* [Task requirements]: Transcribe only the stretch of lines that opens with the line containing "FESEM:三種活性炭在不同" and closes with the last line of the listing, skipping pictures.

* [Material provided]:
◇ ◇ ◇ ◇ ◇
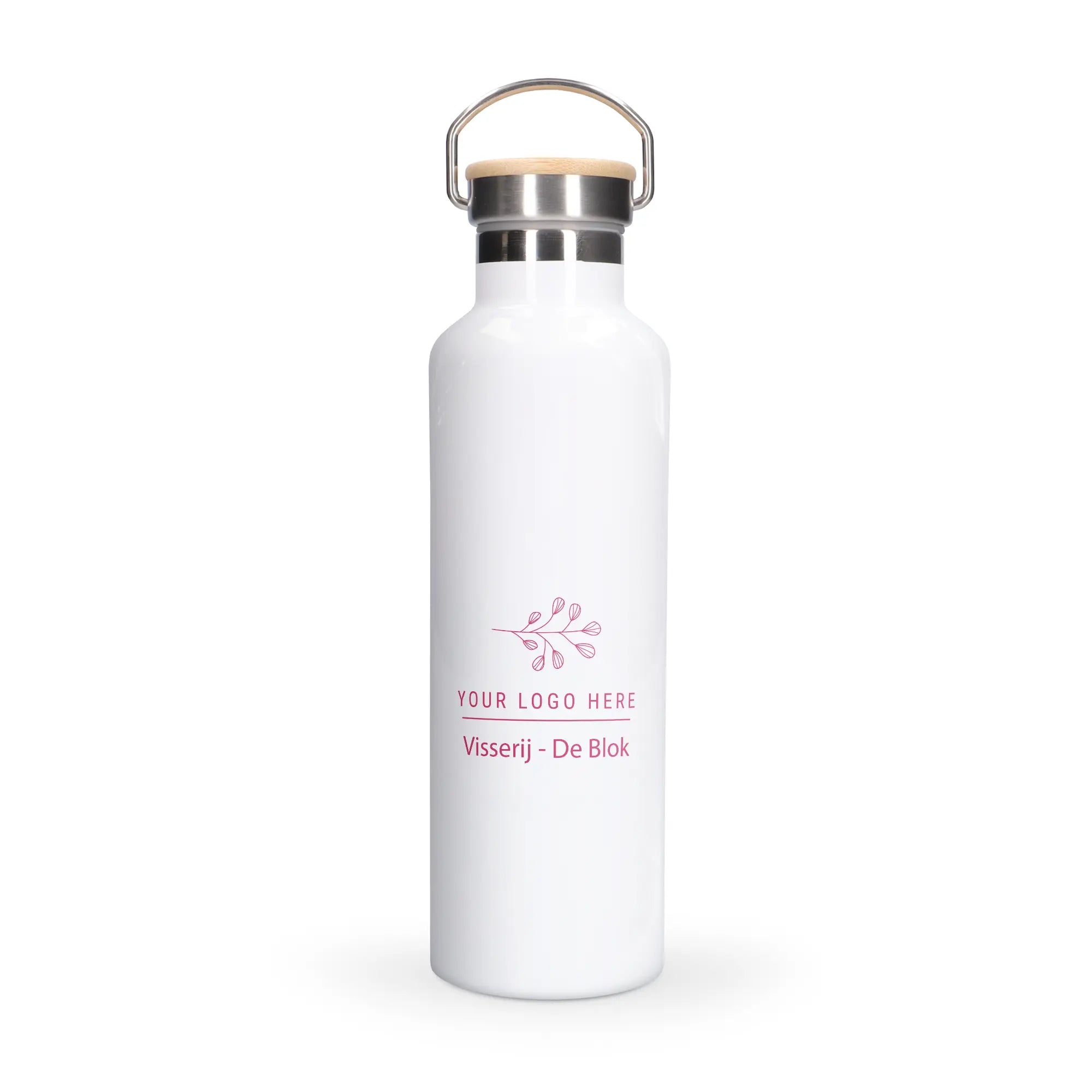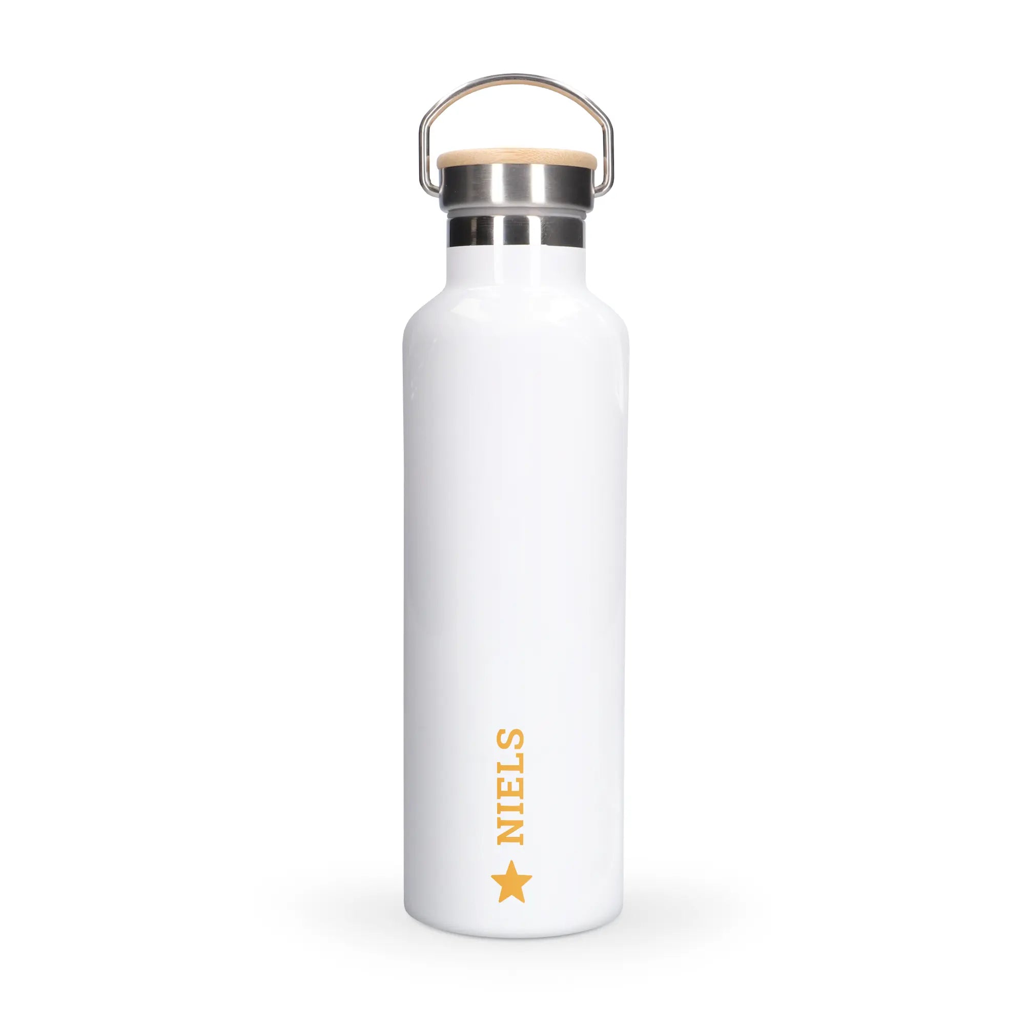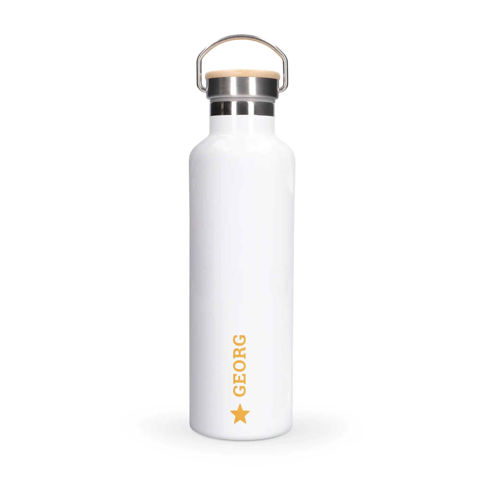 Spersonalizuj butelkę na wodę ze stali nierdzewnej, umieszczając na niej zdjęcie, tekst lub logo według własnego wyboru. Stwórz swoją już teraz!Więcej informacji o personalizowanej butelce na wodę: Materiał: wysokiej jakości stal nierdzewna i aluminium Kolor: biały z bambusową pokrywką Pojemność: 750 ml Personalizacja: zdjęcie, tekst i/lub logo Nadruk: idealny i w pełnym kolorze Termos: chłodzi do 24 godzin, utrzymuje ciepło do 12 godzin Dodatkowo: szczelny i izolowany, zaleca się mycie ręczne Warto wiedzieć: Butelka na wodę ma stylowy, aluminiowy wygląd. Oznacza to, że Twój projekt zostanie nadrukowany bezpośrednio na powierzchni butelki, nadając Twojemu prezentowi stylowy, industrialny wygląd. Oznacza to również, że efekt końcowy może różnić się od tego, co widzisz na ekranie.
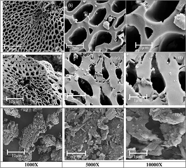 FESEM:三種活性炭在不同放大倍數(shù)下的顯微圖像顯示在圖3中?展钚蕴繕悠樊a(chǎn)生的蜂窩狀圖案孔隙網(wǎng)絡(luò)與優(yōu)化的碳納米管相似。油棕纖維活性炭上的孔也類似于空果束活性炭的蜂窩圖案。然而,與油棕纖維炭和棕櫚仁殼炭相比,空果束炭中的孔網(wǎng)絡(luò)更加突出和發(fā)展。棕櫚仁殼活性炭樣品顯示出很少的隧道孔,并含有阻塞毛孔的可見(jiàn)微塊。發(fā)達(dá)的多孔網(wǎng)絡(luò)表明可以沉積吸附物或離子的高表面積。
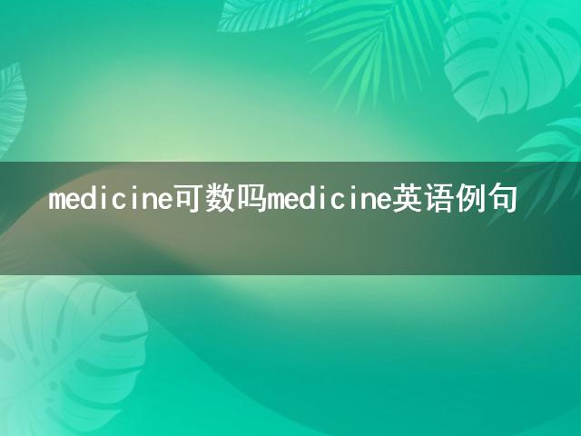 最近這段時間總有小伙伴問小編medicine可數(shù)嗎 medicine英語例句是什么,小編為此在網(wǎng)上搜尋了一些有關(guān)于medicine可數(shù)嗎 medicine英語例句的知識送給大家,希望能解答各位小伙伴的疑惑。
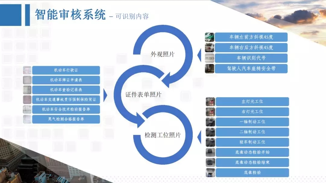 可識(shí)別車檢過程中的全部圖片、視頻及文字材料, 包含外觀照片、工位視頻,證件表單3大版塊共18項(xiàng)檢測(cè)內(nèi)容。
◇ ◇ ◇ ◇ ◇
* [The answer]:
 FESEM:三種活性炭在不同放大倍數(shù)下的顯微圖像顯示在圖3中?展钚蕴繕悠樊a(chǎn)生的蜂窩狀圖案孔隙網(wǎng)絡(luò)與優(yōu)化的碳納米管相似。油棕纖維活性炭上的孔也類似于空果束活性炭的蜂窩圖案。然而,與油棕纖維炭和棕櫚仁殼炭相比,空果束炭中的孔網(wǎng)絡(luò)更加突出和發(fā)展。棕櫚仁殼活性炭樣品顯示出很少的隧道孔,并含有阻塞毛孔的可見(jiàn)微塊。發(fā)達(dá)的多孔網(wǎng)絡(luò)表明可以沉積吸附物或離子的高表面積。
 最近這段時間總有小伙伴問小編medicine可數(shù)嗎 medicine英語例句是什么,小編為此在網(wǎng)上搜尋了一些有關(guān)于medicine可數(shù)嗎 medicine英語例句的知識送給大家,希望能解答各位小伙伴的疑惑。
 可識(shí)別車檢過程中的全部圖片、視頻及文字材料, 包含外觀照片、工位視頻,證件表單3大版塊共18項(xiàng)檢測(cè)內(nèi)容。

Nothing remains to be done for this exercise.